I think for most developers ("devs", "qa", "scrapers", etc.) there's very little appeal in moving away from Selenium because it would require maintaining multiple test suites. It gives consistent results and just works. If you want lower level information, it's fairly simple to either 1) just use a CLI client (curl, wget, etc.), or 2) a library libcurl, Requests(Python), Net::HTTP(Ruby), etc. etc. etc., or 3) setup proxy server. I do all of the above, each has it's own downsides clients and libs don't do any rendering themselves and proxies tend to rewrite transactions (ex. strip compression and add/remove/alter headers 'Content-Type: gzip').


Puppeteer automates headless / visible Chrome today. However, the foundational way it does this is through DevTools Protocol. I believe it might be browser agnostic in time to come. There are various (some successful, some failed) adapters for bridging DevTools Protocol to IE, Edge, Firefox, Safari etc. So I really do think supporting cross-browsers is not an impossibility.

But resonated with your point that there are just so much codebase / automation assets already written. Usually exploring new tools happens when a new project happens, rather than recoding entirely an existing project. For the existing code base, unless contributors from the community writes a parser to translate those to Puppeteer API?


I do a lot of web scraping that requires a full browser for some websites. This sounds perfect for me. I often use Selenium, but it's a lot of complexity and quite buggy if I just want to run chrome (or any one browser, but not all browsers).


Have you tried TestCafe? I have had good experience with TestCafe on a recent project. The development team are very responsive to bug fixing and stability.


Hadn't heard of it before, I have an upcoming project that's going to need some JS scraping, so I'll give this a shot as well as Puppeteer. Thanks!


I think this can be ok. It's pretty obvious that the Webdriver protocol was insufficient. Let browsers "take it home" for remodelling and see if a new standardization effort will happen down the line.

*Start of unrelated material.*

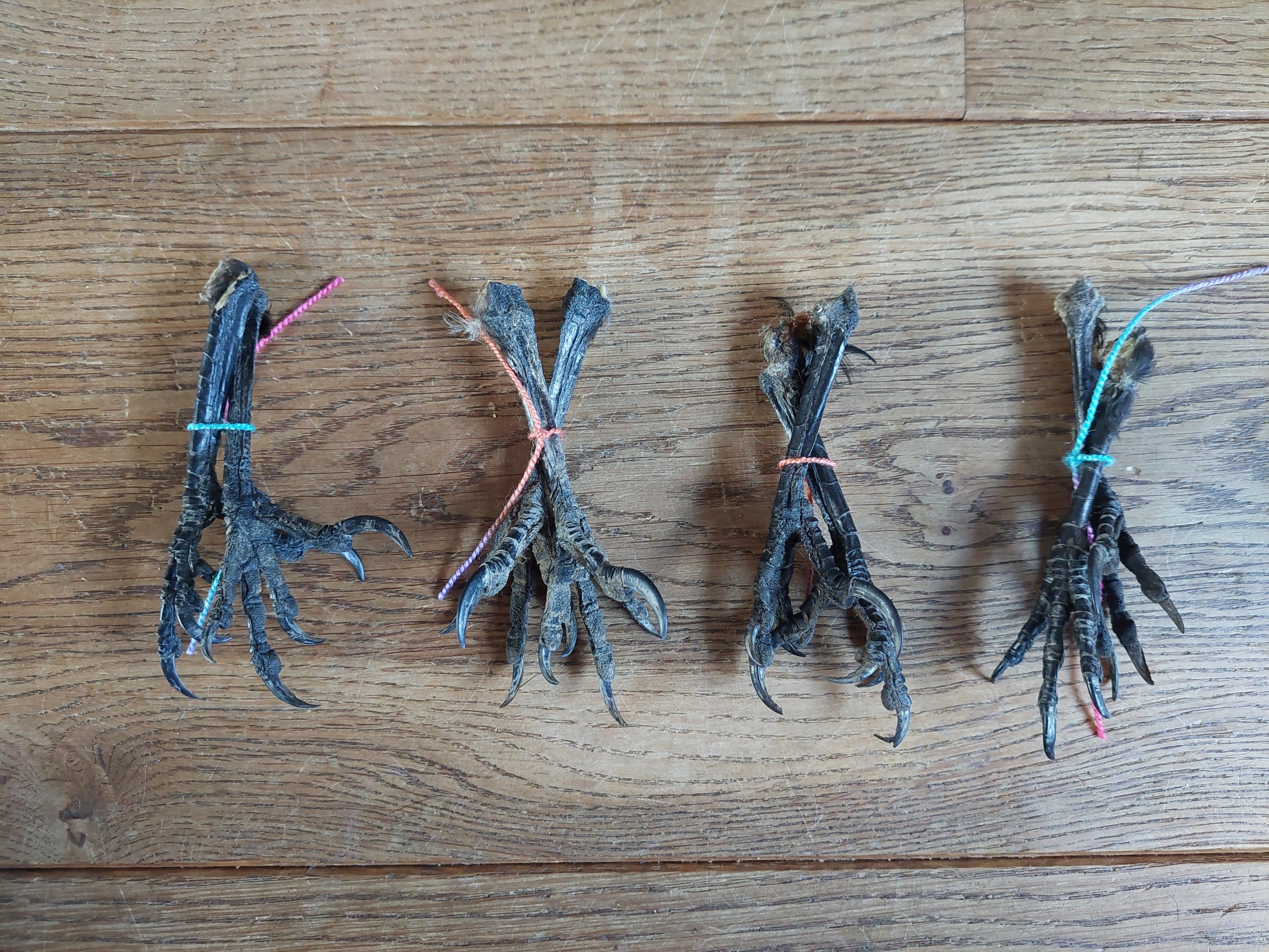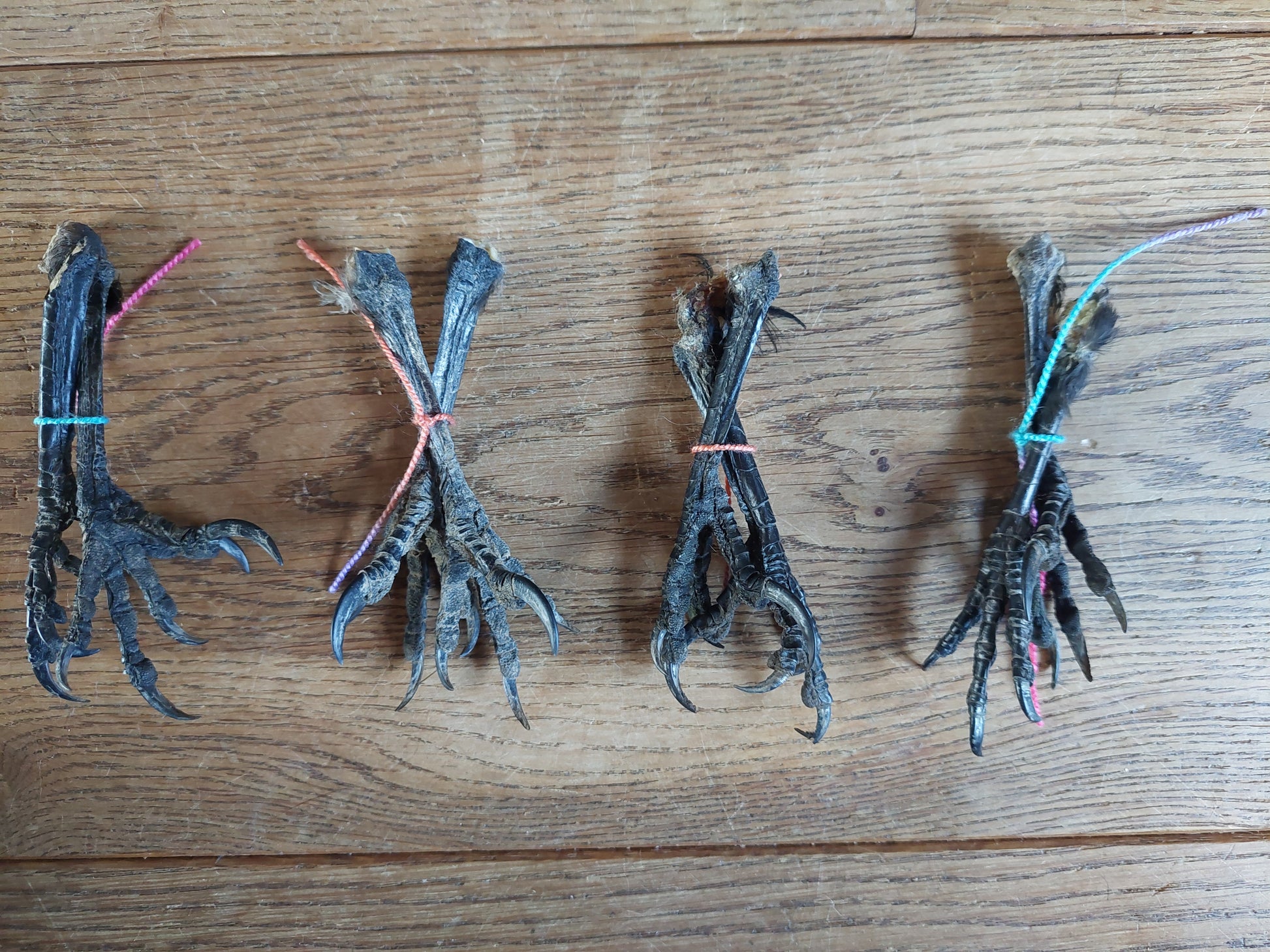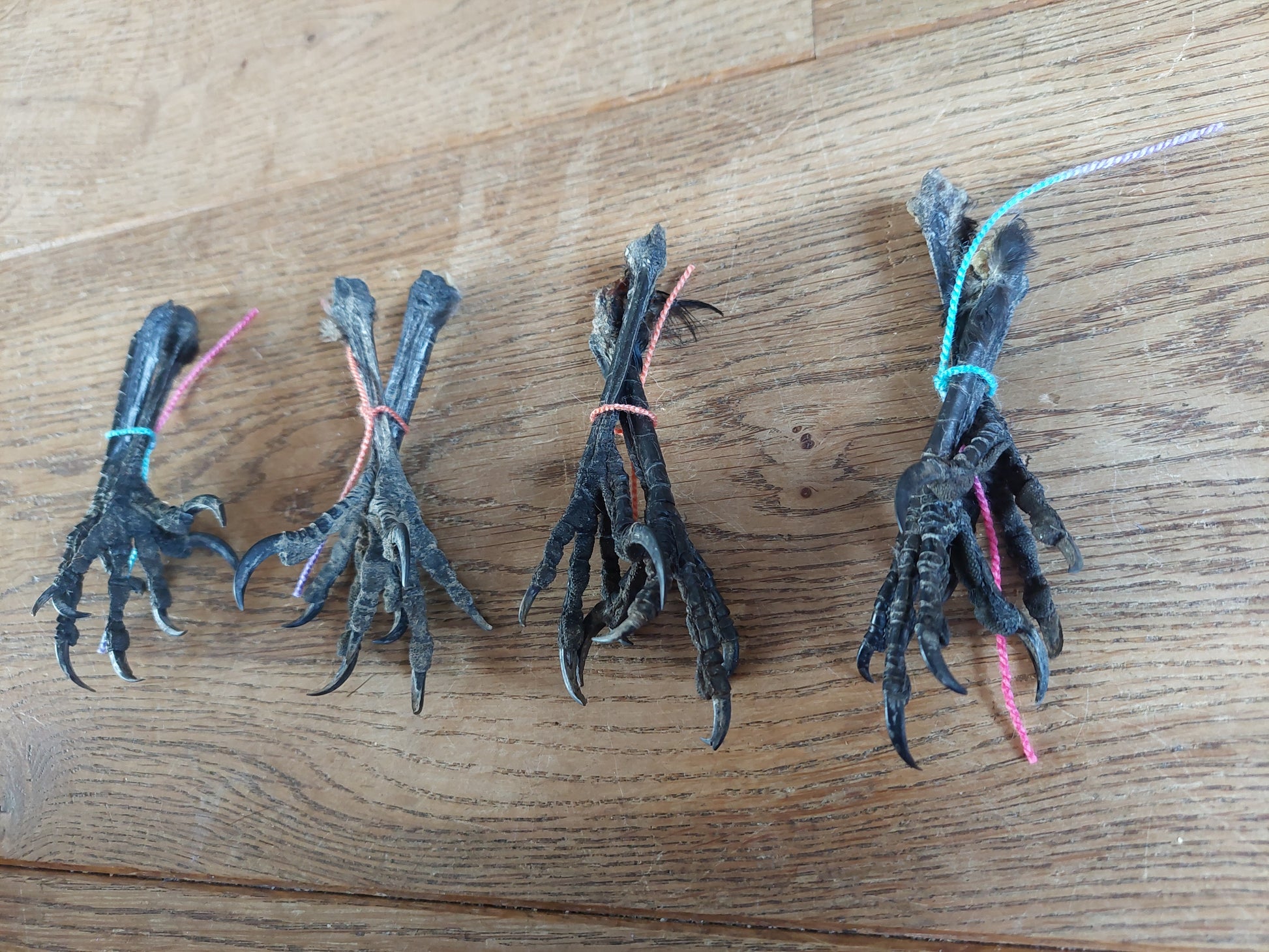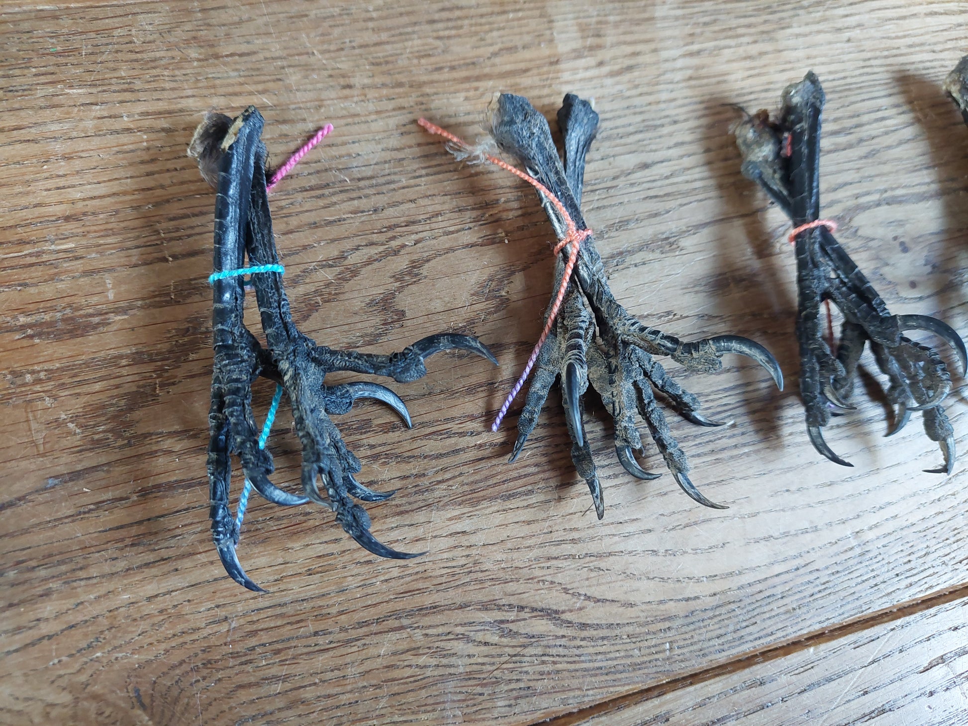 Claws from dutch black crows, dried and prepared in 'claw'-shape. These preparations are from slightly less quality than the other sets of crow claws elsewhere in our shop, therefore they are labelled and prized as B-quality. They might for example be cut off a little shorter than usual or have damage to a toe or nail.

I've found Chromeless to work great for that task. But then again, if this is from the Chrome DevTools team, it's a good guarantee to have.


There's also a docker image for headless chrome automatically updated from the trunk if you're looking to test against the latest -

https://hub.docker.com/r/alpeware/chrome-headless-trunk/

Full disclosure: I'm maintaining the image.


I'm really loving headless chrome so far. I have around 650 tests which are mostly dealing with iframes and popup windows, and they run flawlessly. The first release seemed to have a memory leak which wasn't present in non-headless chrome, but that seems to have been fixed in version 60.

Even sped things up a little versus phantom.


Hi bluepnume, if you are ok, can you share how you manage iframes and popups? I'm using DevTools protocol through websocket directly to communicate with Chrome. Have to do a lot of context handling (frames) and using Target.sendMessageToTarget (popup windows) to deal with them. These 2 features seem to be the harder to handle parts of the interaction layer when doing automation with DevTools Protocol. Thanks in advance!


I'm a little concerned about the confusion in the market of another product in the automation space called "Puppet"-something.

The project itself looks exciting.


I can imagine using Chrome Puppeteer in conjunction with Google Puppeteer https://github.com/google/puppeteer

The latter having been renamed from "puppet" when Google open-sourced it.


I believe they're referring to https://puppet.com

EDIT: Left the tab open too long, beaten to the punch by 20 minutes.


I can imagine provisioning the testing boxes for that whole thing with Puppet. https://puppet.com/


It's funny how open the market for browser automation is. Everyone needs to switch off phantomJS in the next few years and is looking for the easiest option.

Sadly, there's probably no money on the line. But you will get your buggy software used by huge corporations for years to come!


I'm not super familiar with this space, can you explain further why everyone needs to switch from PhantomJS?


Core developer stepped down: https://news.ycombinator.com/item?id=14105489


There was still some commits in early July but haven't seen new updates till date. Maintaining a browser project is mammoth task. Even for an established startup such as Segment you see that NightmareJS has lots of issues unreplied for months. I guess it's primarily because of a potentially large user base and all kinds of edge cases requirements from different users. And add on to that, suppose to work on all OSes. Nightmare.


The important bit:

> Who maintains Puppeteer?

>

> The Chrome DevTools team maintains the library


Does anyone know if it's possible to take a screenshot of a specific DOM element? (instead of the entire page)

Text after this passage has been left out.